Re: Content-MD5 and partial responses

On Thu, 23 Jul 2009, Henrik Nordstrom wrote:

> mån 2009-06-29 klockan 12:00 +1000 skrev Mark Nottingham:
>> After a quick look, my reading is that a Content-MD5 header on a
>> partial response reflects the bytes in that message, rather than the
>> whole (non-partial) response:
>
> RFC2616 can apparently be read both ways depending on which parts of the
> specs you read, which is a bit of a problem for Content-MD5.
>
> My reading is that Content-MD5 is computed on the variant and not the
> message-body. The reasoning behind this are:
>
>      * 206 is talked about to only contain ranges of the entity-body
>        (which btw conflicts with the general messaging format
>        definition of entity-body making 206 a special case).p4 4.
>        Combining Ranges
206 is indeed a very special case.

>      * How partial responses including their headers may be combined.
>        p4 4. Combining Ranges
Same for CL (which can be extracted form Content-Range)
There is indeed a story to be told about combining partial responses when 
Content-MD5 is there (or we can forbid C-MD5 in partial responses)

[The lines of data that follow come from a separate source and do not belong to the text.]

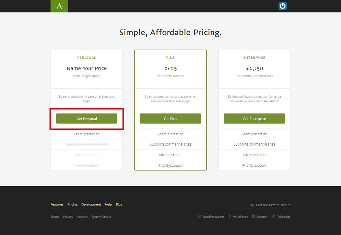- Akismet.comのウェブサイトに戻ります。Akismetのプラン一覧が表示されます。無料で利用するため、その中から「Name Your Price」プランにある「Get Personal」ボタンをクリックしてください。
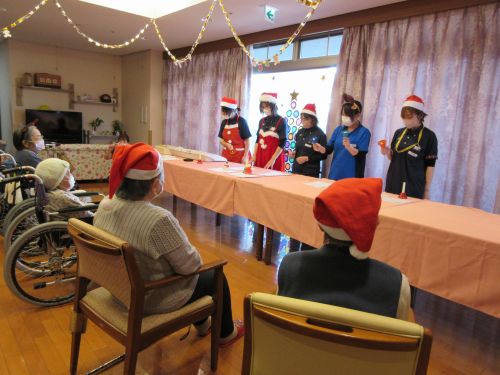 クリスマス会を行いました。職員によるハンドベル演奏では、利用者さまから温かい拍手をいただきました。
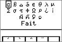Vous pouvez effectuer les opérations suivantes : Sélectionner un caractère spécial : Appuyez sur |, ~, † ou } pour déplacer la case sur le caractère spécial que vous souhaitez utiliser dans un message ou une chaîne de texte. Appuyez sur Í pour insérer le caractère sur la ligne de saisie. Appuyez sur |, ~, † ou } pour déplacer la case sur Terminé. Appuyez sur Í pour insérer le contenu de la ligne de saisie dans l'écran précédent. -ou- Ajouter un accent sur un caractère : Appuyez sur la touche de fonction (^, _, `, a ou b) qui se trouve juste au-dessus de l'accent pour le sélectionner. Le mode majuscules ALPHA est activé automatiquement. Pour écrire en minuscules, appuyez sur ƒ. Appuyez sur la touche associée au caractère alpha que vous souhaitez accentuer, par exemple, [A] (au-dessus de »). Le caractère accentué est affiché sur la ligne de saisie. Appuyez sur |, ~, † ou } pour déplacer la case sur Terminé. Appuyez sur Í pour insérer le contenu de la ligne de saisie dans l'écran précédent. |
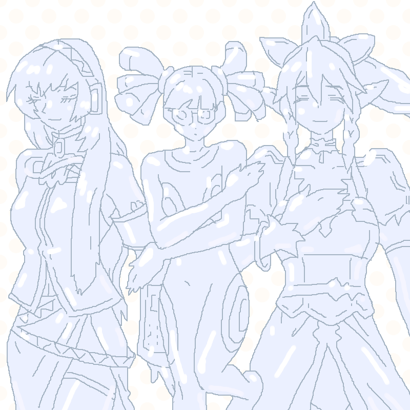 巡音ルカさん、擬人化したリリーラさん、リーファさん、かきました! 描いてるうちに、逆遠近法っぽい 構図になりました♪
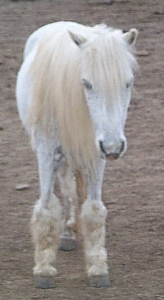 it is a 30-something y/o mini cross that used to be at teh barn...she wouldn't let us shave her legs...so she had the leg warmer look of the 80s going on
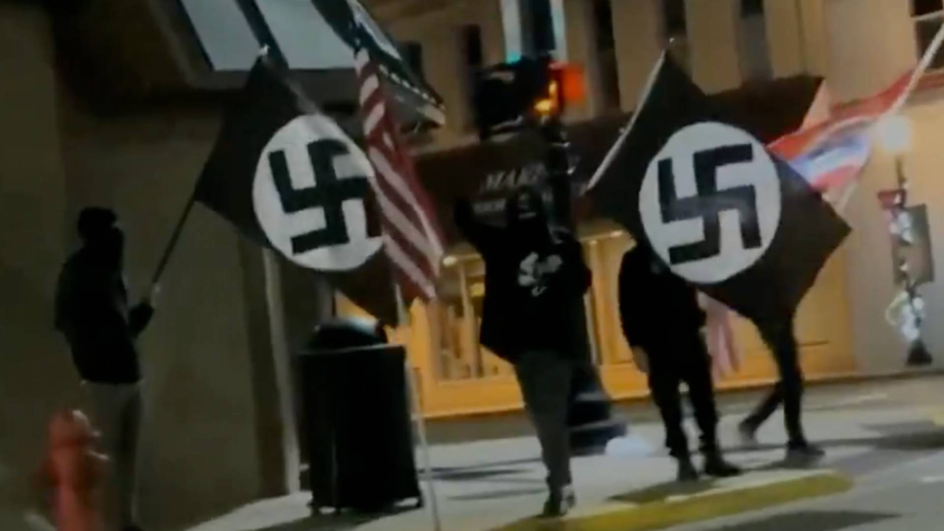 “Hail Hitler” and “Hail Trump” – People wave Nazi flags outside theatre presenting Jewish play, “The Diary of Anne Frank,” in Michigan. pic.twitter.com/bjC2Z1e4Ak
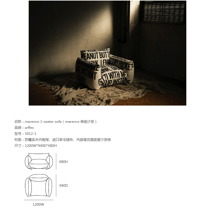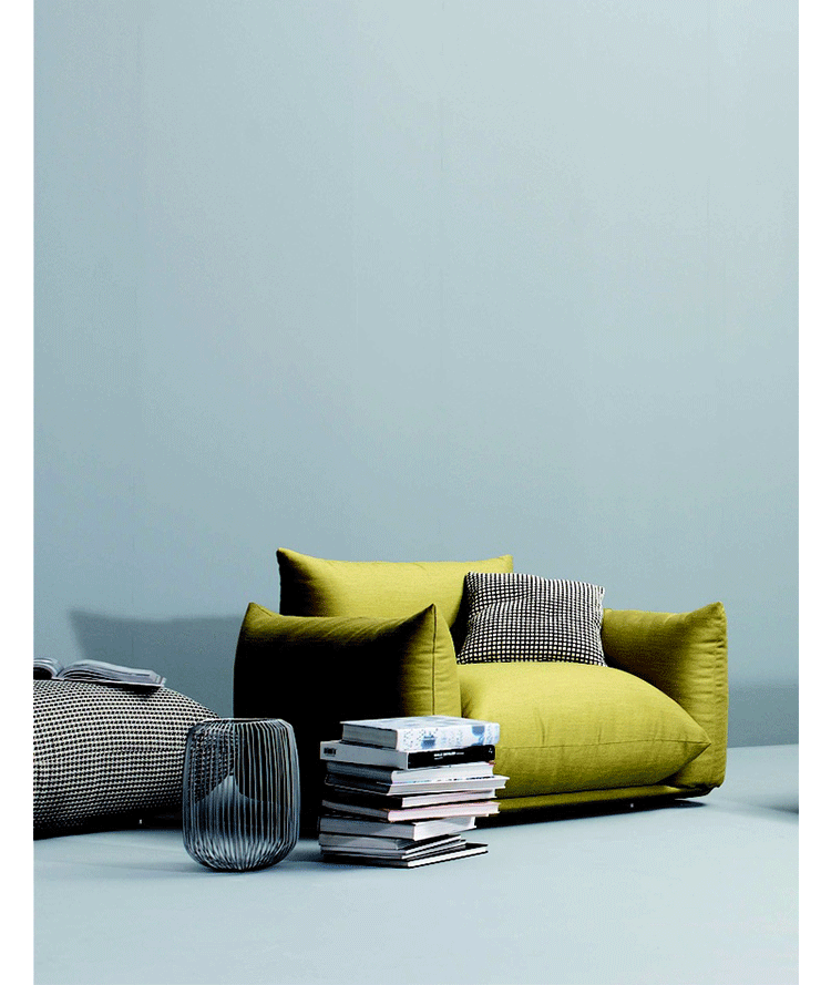 "marenco sofa系列沙发由设计师Mario Marenco在1971年所推出,Arflex公司出品,有单座,双座,三座,和五座组合形式。这款经典的沙发线条经典,舒适度饱满,成为摩登家居用品经典作之一。外型以简约细腻的北欧设计为方向,轻盈的金属脚架与薄型扶手,在厚薄粗细之间,视觉比例的层迭丰富,融合义式沙发中柔软舒适的元素,靠垫内衬高密度泡棉,兼具支撑性与松软度。这套沙发采用革命性的方式组合,垫子及扶手都是独立的部分。枕头是挤压钢管的金属框架,提供了刚性和耐用性。胶合板基地加上纤维覆盖。制作采用防霉实木内框架、进口羊毛绒布、内部填充高密度沙发棉,保证了高品质的奢华与舒适。
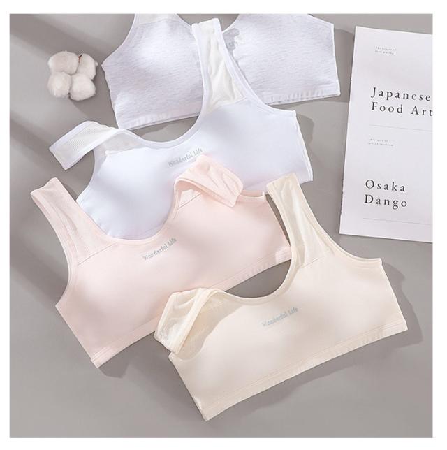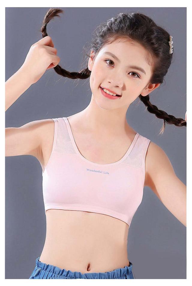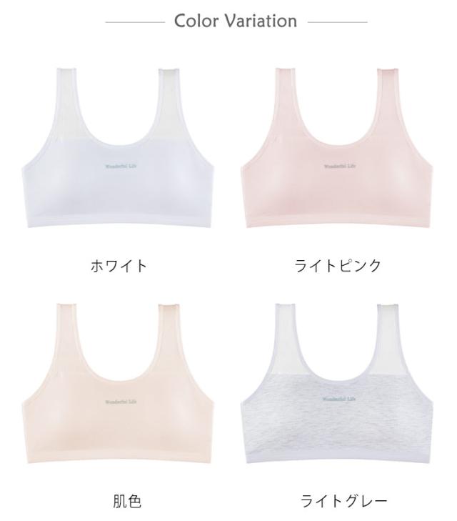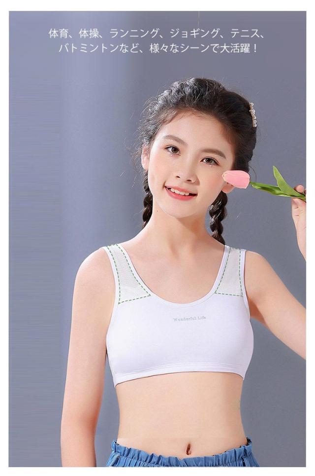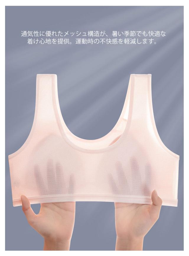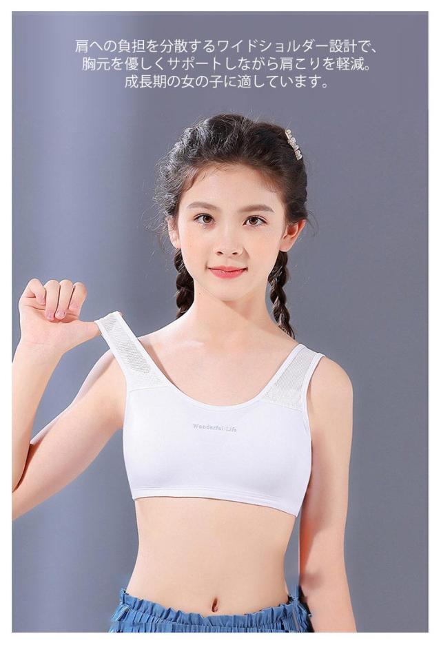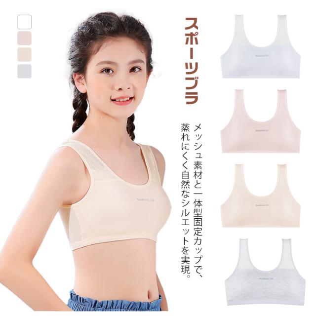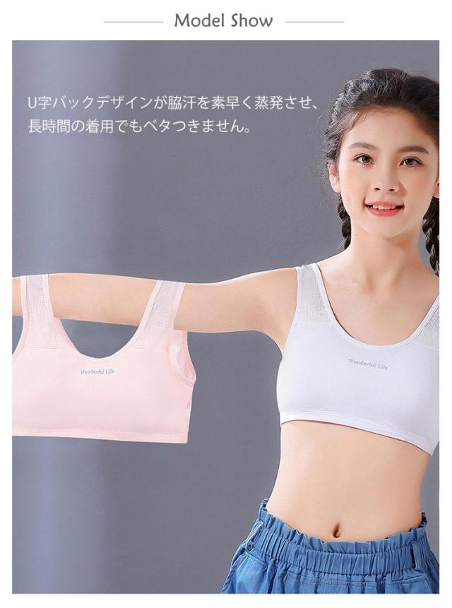 ジュニア ブラジャー 通気性 女子 ワイドショルダー メッシュ キッズ 小学生 固定カップ 中学生 ノンワイヤー 汗冷え防止 春 夏 スポーツブラ 脇汗対策 秋 スポーツ下着 ランニング 蒸れない かわいい

>      * It being an Entity-Header. p3 5.8 Content-MD5

Well, Content-Length is also an entity header, however it applies to the 
transferred bytes in case of 206.
What would be the use of C-MD5 if it applies to the whole bag of bytes 
when you only get a part of it? It can't serve its purpose which is
integrity verification, so it makes far more sense if C-MD5 is applied to 
the transferred bytes, like C-Length

>      * That sending Entity-Headers is forbidden in an conditional 206
>        response (MUST/SHOULD NOT) and required to be included in
>        unconditional 206 responses if it would have been sent in an 200
>        response.
>      *
>      *
>
>
>

-- 
Baroula que barouleras, au tiéu toujou t'entourneras.